ANDREAS ESCHBACH – Des milliards de tapis de cheveux
Paru en 1995,
chez Heyne Verlag.
Traduit par Claire Duval.
Un bon roman commence souvent avec une bonne idée. Cela s’est vérifié avec Des milliards de tapis de cheveux, un livre devenu, depuis sa parution en 1995, un classique de la science-fiction. L’auteur, l’Allemand Andreas Eschbach, l’explique dans la postface de l’ouvrage. Ce qui, au départ, avant qu’il ne la reprenne et qu’il ne l’étoffe, n’était qu’une nouvelle rédigée à l’arrache pendant ses années d’études, a durablement capté l’attention grâce à son intrigue pour le moins inhabituelle.
L’idée originale en question est celle exposée dans le titre : des milliards de tapis, élaborés avec des cheveux humains. Autour de ce concept pour le moins singulier, Eschbach a imaginé une société entière. En son centre, se trouve une caste de tisseurs chargés de réaliser ces objets complexes et délicats, au terme de longues vies de labeur, avec les crins de leurs femmes et de leurs concubines, puis de transmettre leur art à leurs garçons, des fils nécessairement uniques puisque tout autre nouveau-né mâle doit être sacrifié. L’auteur débute ainsi cette histoire cruelle. Et tout du long, il tient le lecteur en haleine avec cette question : pourquoi. Et il le fait bien. Admirablement bien.
Eschbach ne révèle pas d’un coup le fin mot de l’intrigue. Il la dévoile peu à peu, par fragments. Chaque chapitre, en effet, est une histoire en soi, à propos d’un autre personnage que la précédente, qu’il ait été croisé ou pas plus tôt dans le roman. Petit à petit, avec chacune de ces nouvelles, l’auteur nous fait prendre du recul, de la perspective. D’abord, il se penche sur une communauté villageoise aux allures primitives. Et puis, à travers les yeux d’un professeur, d’un marchand ou d’un flutiste, c’est tout une planète que l’on découvre. Puis un immense et immémorial empire intergalactique, qu’une rumeur prétend tombé entre les mains de rebelles, bien que beaucoup refusent d’y croire.

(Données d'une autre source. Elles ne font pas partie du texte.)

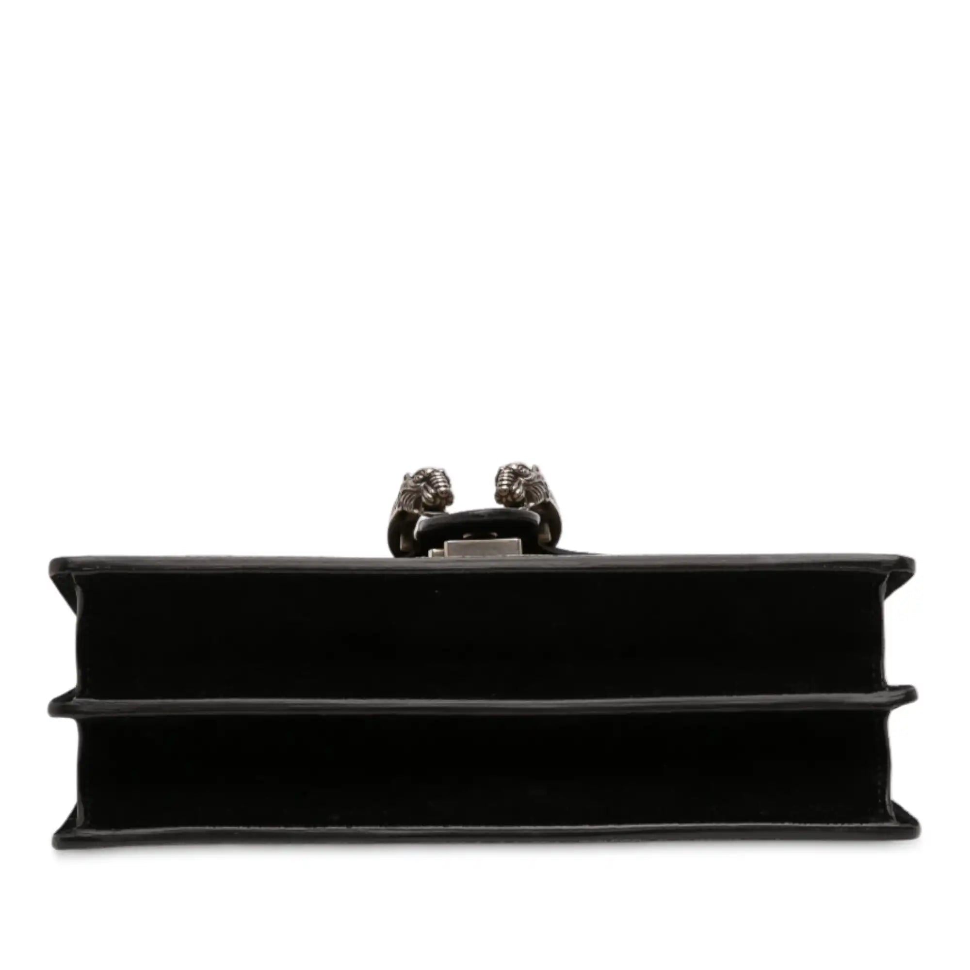 Dionysus, the Greek god of wine and joy, is the inspiration for the Gucci collection of the same name. The tiger head clasp on the flap refers to the legend according to which Dionysus is said to have crossed the Tigris on a tiger sent by Zeus. On the other hand, the horseshoe shape of the buckle creates a reference to equestrian sport, which is close to the Italian fashion house. This example in the voluminous medium version was made from light brown, coated GG canvas. The Bag has red suede trimmings on the sides, bottom and flap. The Bag is worn over the shoulder. It features a silver chain strap, a snap closure flap and a center zippered compartment. The silver chain strap can be worn double over the shoulder or simply crossbody.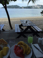 Завтрак понравился,хотя не такой хороший выбор. Мужчинам,любящим мясо и серьезную еду,будет не очень. Хотя это ведь просто завтрак. В другое время не пришлось покушать там,но можно покупать тур и с ужинами и даже все включено. Больше,конечно понравилось,что прием пищи проходит прямо на пляже,очень романтично!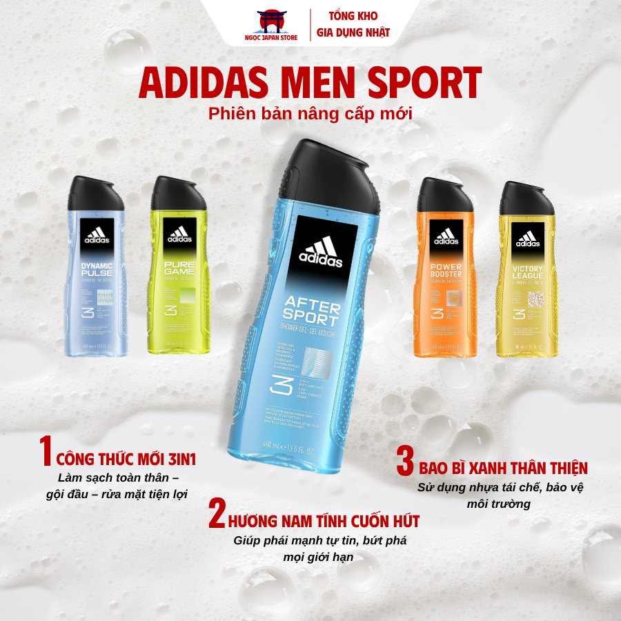 Sữa Tắm Gội 3in1 Adidas 400ml Cho Nam - Tiện Lợi, Sạch Sâu, Hương Nam Tính

Cet article ne dira rien de plus sur cette histoire. Nous ne gâcherons pas la saveur apportée par chaque révélation, par chaque nouvel indice égrené par l’auteur à propos des mystérieux tapis. Nous nous contenterons de préciser que cela n’est pas de la science-fiction telle que beaucoup l’imaginent. Bien écrit, rempli de descriptions évocatrices, nous emmenant tour à tour d’un tisseur à l’autre, puis d’une planète à la suivante, nous transportant du monumental Palais des étoiles aux ruines du Palais des larmes, des milliards de tapis de cheveux ressemble plutôt à un conte (voire à de nombreux contes), à une fable dont le thème principal est le rapport fort et vicieux entre la foi et le pouvoir.
Eschbach nous parle de convictions qui peinent à se défaire, d’idéologies qui nient l’évidence dans le seul but de survivre. Comment admettre une erreur, un aveuglement, un mensonge, quand on a structuré toute sa vie autour d’eux ? Comment les reconnaître, quand on leur a sacrifié l’essentiel, un fils par exemple, ou bien un frère ? Comment, quand son propre statut repose tout entier sur une croyance, quand il vous a offert le pouvoir sur vos semblables, vouloir admettre avoir été mystifié ?
L’auteur met en scène des existences qui n’auraient aucun sens, sans les objectifs vains et déments que d’autres se décident à leur donner, ici ces absurdes tapis de cheveux, qu’une galaxie tout entière a produit pendant des millénaires. En contrepoint, il nous parle du vertige absolu qu’apporte la liberté, de l’inconfort dont elle est synonyme, et du confort qu’offre à l’inverse la servitude.
Le vrai pouvoir, nous dit l’auteur, c’est celui de nous imposer une raison d’être, c’est celui de proposer un sens à l’absurdité de la vie, c’est celui de nous donner un objectif, fut-il lui-même délirant. Après avoir tant poursuivi ce but, au prix de tant de sacrifices, il ne sera plus possible de contester, de revenir en arrière. Ce mécanisme, c’est celui qui faisait dire à de vieux militants communistes, à la chute du Rideau de fer, « ils verront bien, ils regretteront ». C’est celui qui interdit aux prêtres de douter et de semer le doute, après avoir renoncé une vie durant à ce besoin fondamental de l’être qu’est la sexualité. C’est ce qui conduit les tisseurs d’Eschbach à persévérer dans ce travail fastidieux qui bouffe leur santé et leur vie, malgré tout, quand au bout de l’histoire est découvert le pot au rose.